The central mystery of Stanislaw Burzynski is how he keeps managing, no matter what is thrown at him by state and federal medical authorities, to keep on treating patients with deadly cancers. He’s like the Energizer Bunny; he just keeps going and going and going and going. Or maybe he’s like the game Whac-A-Mole™, where, as soon as one strategy seems on the verge of shutting him down he pops up elsewhere with another angle.
Burzynski, as regular readers know, is the Houston doctor (I refuse to call him a cancer doctor, because he has no formal training in oncology or even board certification in internal medicine) who for the last 36 years has been treating patients with compounds to which he refers as “antineoplastons” (ANPs) Back in the mid-1970s, he claimed to have discovered these compounds in the blood and urine and that they are the body’s natural defenses against cancer, inhibiting cancer growth. Thirty-six years later, and more than 15 years after starting six dozen clinical trials for the express purpose of bypassing a judge’s order that he could not administer ANPs to anyone who was not on an FDA-approved clinical trial. Indeed, it was a blatant ploy, as Burzynski’s lawyer, Richard Jaffe, acknowledged, referring to one of his clinical trials as a “joke” and the others as a way to make sure there was a constant supply of new cancer patients to the Burzynski Clinic. A decade and a half later, Burzynski has only completed one of those clinical trials and has not published the results of a single one. Most recently, he was presenting some clinical results at the Society of Neuro-Oncology meeting a couple of weeks ago, but he still hasn’t published a complete clinical trial. I rather suspect he never will.
Last month, Liz Szabo published an expose of the Burzynski Clinic for USA TODAY that detailed his many abuses of science, patients, and clinical trials. It was astounding. Not only did he misclassify tumor responses, fail to report adverse events properly, fail to provide proper informed consent, and charge enormous sums of money to patients on clinical trials as “case management” fees. She also described why all those anecdotes and testimonials provided by patients of Burzynski’s patients are not valid evidence that Burzynski’s treatments work. Even so, despite the negative publicity, Burzynski has still managed to line up more patients to try to pressure the FDA to grant compassionate use exemption for ANPs. The stories made me think that maybe we should rename Burzynski Dracula, given how much he sounds like Dracula and seemingly his clinic and its ANPs can’t be killed.
Maybe two more stakes will take care of it. A few hours ago, the FDA issued two more warning letters to the Burzynski Research Institute and Stanislaw Burzynski, as documented in USA TODAY last night:
In letters to Burzynski and his research institute posted online Wednesday, the FDA says that Burzynski inflated success rates for experimental drugs that he calls antineoplastons. The FDA also says Burzynski failed to report side effects and to prevent patients from repeatedly overdosing.
But when the FDA asked to see the child’s medical files, Burzynski sent the agency records that were different than those stored in his office, giving the appearance that the records had been altered, according to the warning.

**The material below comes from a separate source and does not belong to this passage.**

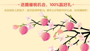 活动期间,在活动页面开通年费会员的用户不仅可以获得相对应的成长值,还能够获得摘蟠桃的机会,奖品有苹果6S、猴年公仔等新年好礼,100%有奖,小伙伴们快来参与吧!

D’oh! This part is worth quoting in full:
You have failed to maintain and retain accurate case histories as required in all cases of expanded access. Specifically, you failed to maintain and retain accurate case histories for Patient 022387, whom you treated under a Single Patient Protocol (individual patient expanded access), also referred to as a Special Protocol Exception, to Protocol BT-10.
In response to a (b)(6), FDA’s Division of Oncology Products 2 (DOP 2) requested that the sponsor, Burzynski Research Institute (BRI), provide DOP 2 with copies of the records for Patient 022387.
On (b)(6), BRI provided DOP 2 with copies of the following records for Patient 022387:
- Case Report Form titled “Physical Exam – Baseline,” for physical examination conducted on (b)(6)
- Case Report Form titled “Baseline Visit – Prior Cancer Treatment History”
- Case Report Form titled “Baseline Visit – Pathology History”
- Case Report Form titled “Adverse Events”
The records BRI submitted to FDA on (b)(6), were not in the files that you provided regarding Patient 022387 during the inspection. However, during the inspection, you provided other Case Report Forms for this patient, with the same titles and for the same visit date as noted above, but containing information that differed from that which BRI submitted to FDA. Notable differences are contained in the following tables.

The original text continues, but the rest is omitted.